One of the more interesting components of the 10gR2 instrumentation improvements is the use of Metric Baselines and Adaptive Thresholds by OEM DB/Grid Control to generate alerts. (There are further improvements in 11g but I’ll address those in a later post.)

Although these features have been designed to be extremely simple to implement without understanding the mechanics, I suspect that most Oracle DBAs still struggle with the concept of implementing something without having some idea how it works (at least I hope so). There are some good technical documents floating around out there (see References below), but I feel they're at one end of the technical spectrum or the other, so this and the next post are intended to bridge the gap as well as showing the features in use. (Harder than you might think, but I'll come back to that.)

How can we use Metric Baselines and Adaptive Thresholds? I’ll try to put it as simply as possible :-

• Generate a baseline of how a system looks during ‘normal’ operation.
• Generate alerts when specific metrics exceed threshold values relative to that baseline.

There’s quite a bit more to it than that, as I hope will become apparent.

But first, a warning. This is not about system optimisation – that happened during the design, development, test and initial implementation phases, right? ;-) – but about monitoring and capturing unexpected variance in performance indicators. Because even with an optimised application and hardware infrastructure  that generally meets requirements ...

• … a new Execution Plan could be produced for a SQL statement because of an overnight change in object statistics.
• … a failed cache battery somewhere in the storage infrastructure could cause a sudden increase in I/O times.
• … you could encounter a larger number of concurrent users than the system has handled before or was designed for.

I've seen all of these and more and I’m sure you’ve experienced plenty of your own. So there's no denying that it’s important to implement an optimised system first and foremost but, even when you’ve done so, something will go wrong one day. I’m probably making up my own phrases for things again, but I think these tools cover the areas of Performance Monitoring and Troubleshooting, rather than Performance Tuning (or Optimisation).

For existing Production systems, I’d like a facility that detects performance anomalies in the single database instance that has a problem right now (out of the hundreds I’m managing) and notifies me so that I can focus my attention where it’s required.

You could argue that such a facility already exists - called Users. They will generally detect serious performance anomalies and they will notify us using the tried and trusted telephone. If this happens too frequently, a further indicator would be the endless crisis meetings with white boards and wildly differing theories.
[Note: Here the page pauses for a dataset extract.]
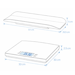 Rozlíšenie: 5 g (váha zobrazuje hmotnosť po 5 g) Presnosť merania: • 0 kg ≤ m ≤ 5 kg: ±50 g • 5 kg < m ≤ 20 kg: ±100 g • 20 kg < m ≤ 50 kg: ±150 g 180 kg: ±300 g Váha (bez vaničky) • Rozmery: 30 × 30 × 2,5 cm • Hmotnosť: 1,5 kg • Materiál: 6 mm tvrdené sklo Vanička na váženie dojčiat • Rozmery: 51 × 26,5 × 5 cm • Hmotnosť: 0,39 kg dojča: 20 kg Prevádzkové podmienky: 0–40 °C, relatívna vlhkosť 25–85 % (bez kondenzácie) Podmienky skladovania: –20 až 60 °C, relatívna vlhkosť 20–90 % (bez kondenzácie) Celková hmotnosť výrobku: cca 3,9 kg Celkové rozmery (zostavené): cca 5

However, it would be nice if I knew there was a problem before someone had to tell me. Users also don’t tend to be very good at reporting overnight batch throughput problems until the next day!

Metric Baselines
I'll dig into Metric Baselines first because

1) Defining a Baseline is the first thing you have to do.
2) Whilst configuring the Baseline might initially seem the simplest step, it's the foundation on which the threshold alerts depend. (That's why Oracle has tried to simplify it for busy DBAs.)

There are really two types of Baselines, which differ in the way the time period is defined; the way statistics are calculated and, consequently, their suitability for different uses.

A Moving Window Baseline uses recent data from the AWR repository over 7, 21, 35 or 91 days. As each day passes, the window on the data progresses forward by one day. The statistics are re-calculated on a regular basis (possibly as frequently as every hour depending on the Time Grouping). The effect of this is that the statistics change to reflect the recent workload and performance characteristics of the system.

A Static Baseline uses AWR data from a user-defined period which must be at least 7 days long. The statistics are calculated once, when you define the baseline, and are used forever until you switch to a new baseline. So Static Baselines don't make any allowance for the change in a system's work profile over time. If you have a steadily increasing number of concurrent users, you will eventually reach a stage where the system is alerting regularly because the work profile is so much greater than the Baseline.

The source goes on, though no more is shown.